In a self-serving struggle to protect their positions, rightwingers have tied up the party with an internecine internal battle rather than fighting the Tories and SNP, reports NEIL FINDLAY

THERE ARE, in every year, regular events and seasons we come to expect.

Easter, Christmas, Strictly Come Dancing, and of course that one there isn’t a name for but we are all familiar with. It’s the time of year where Scottish Labour’s kamikaze squad don their helmets and head scarves and push down on the throttle determined to destroy what remains of the party.

Not happy with previous efforts to lead the party to oblivion — Iraq, cosying up to Bush, befriending Rupert Murdoch and the super-rich, Better Together, Jim Murphy etc — they now seem to be pulling out all of the stops to kill the party once and for all.

People who have been central to the demise of Labour over 20 years have decided that none of what went before was their fault but it was all down to the current leader Richard Leonard. Leonard, like Jeremy Corbyn, is a good, decent, principled man, he is not a showman and does not crave the limelight. He is a committed socialist who in a previous role was a trade union official representing industrial workers.

As leader, he has made mistakes, he would be the first to accept that — the main one in my view being he has been too soft with the critics who now seek to kill his leadership. He should have made it clear from the outset that the party was under new management and that the old guard, who have a grossly overdeveloped sense of entitlement, could no longer think that all they had to do was go through the motions and be reselected and elected.
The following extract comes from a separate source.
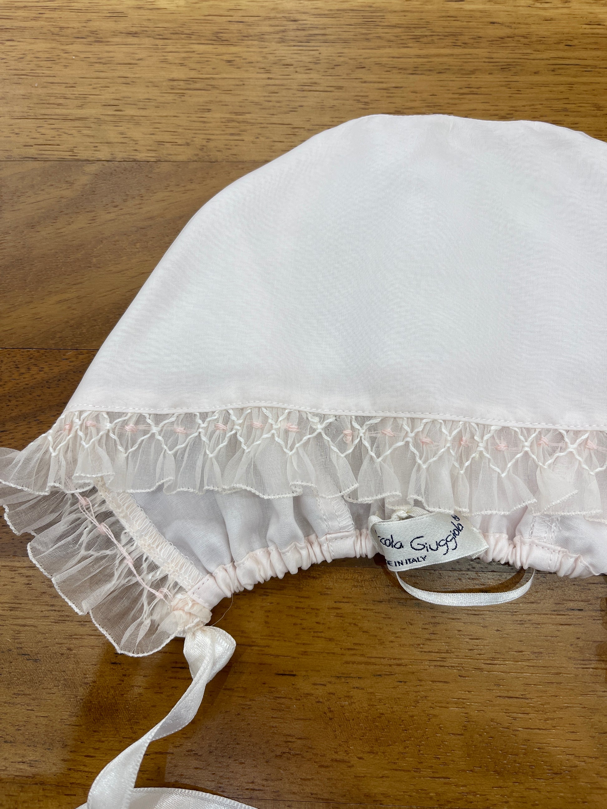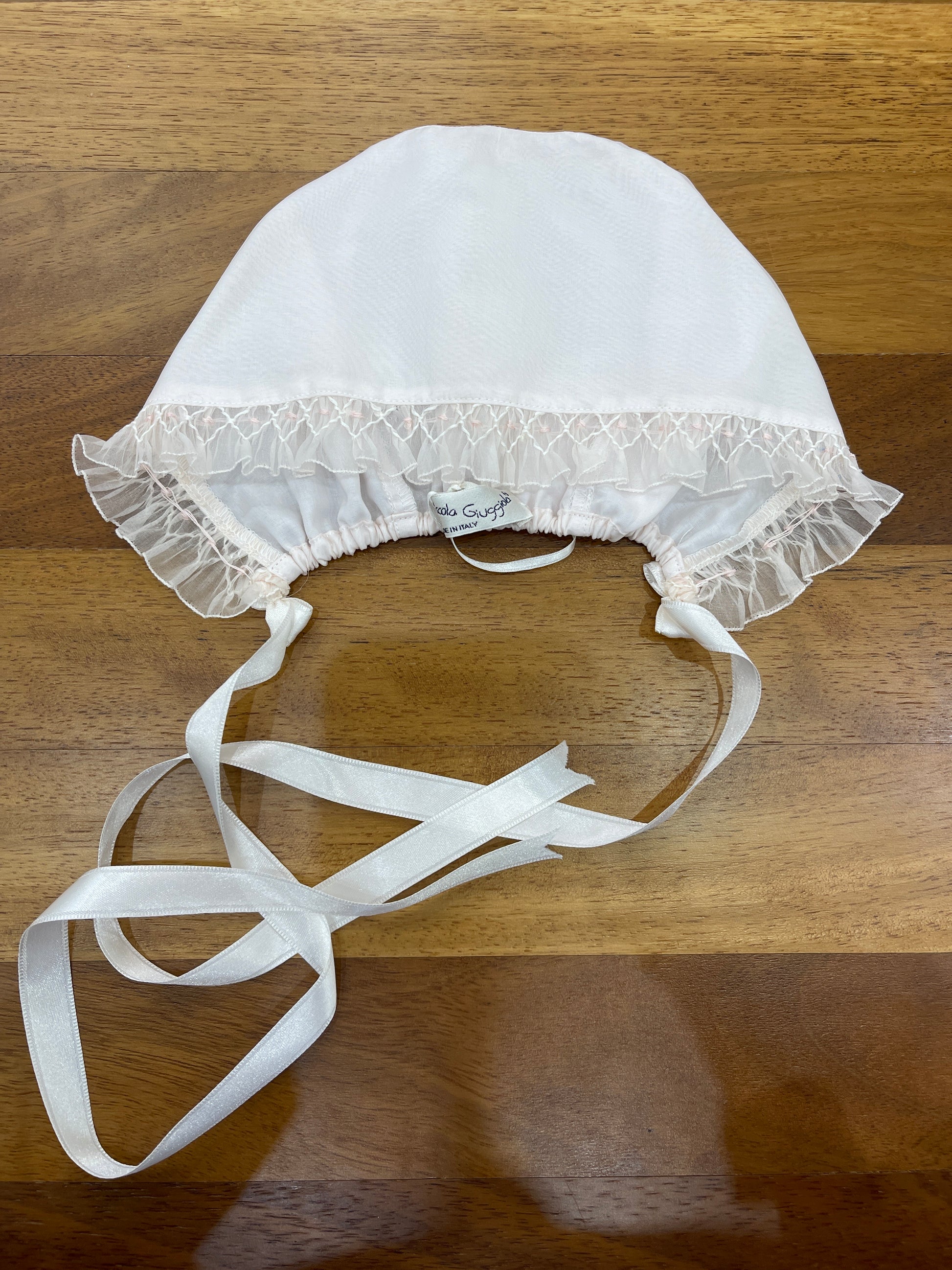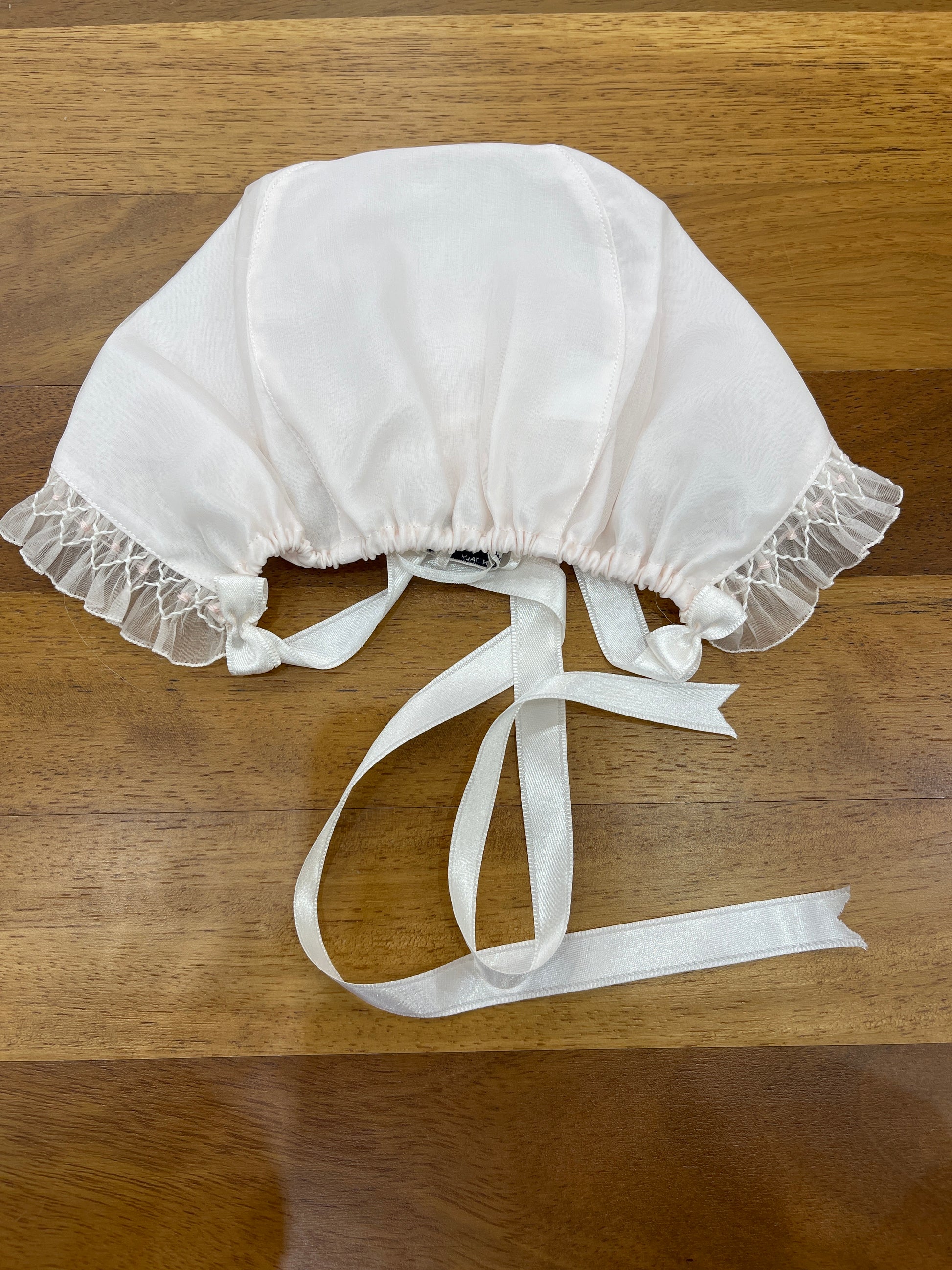 Cuffia realizzata in seta organza, caratterizzata da una raffinata lavorazione a punto smock sulla parte anteriore.

This issue of selection is at the heart of the current battle within the Scottish party. The proposal that will go before the party’s SEC next weekend sees a woman at the top of each regional list followed by a man then another woman and so on.

This means that Leonard critics and MSPs like James Kelly, Mark Griffin, Neil Bibby and others see their list position under threat. They want to change leader in the hope that a new leader, whoever that may be (they’ve told us who they don’t want but not who they do), will change the list system to protect current MSPs.

During the worst crisis to hit the country in peacetime, that is what is taking up Scottish Labour’s energy — not the deaths of thousands of our elderly loved ones, not the appalling situation in our care homes, not the mess the SNP are making of the education system, nor the gross health inequalities, the record drugs deaths, the fiasco of the ferries contracts or the jobs massacre, but internal navel-gazing and self-preservation. It is shameful.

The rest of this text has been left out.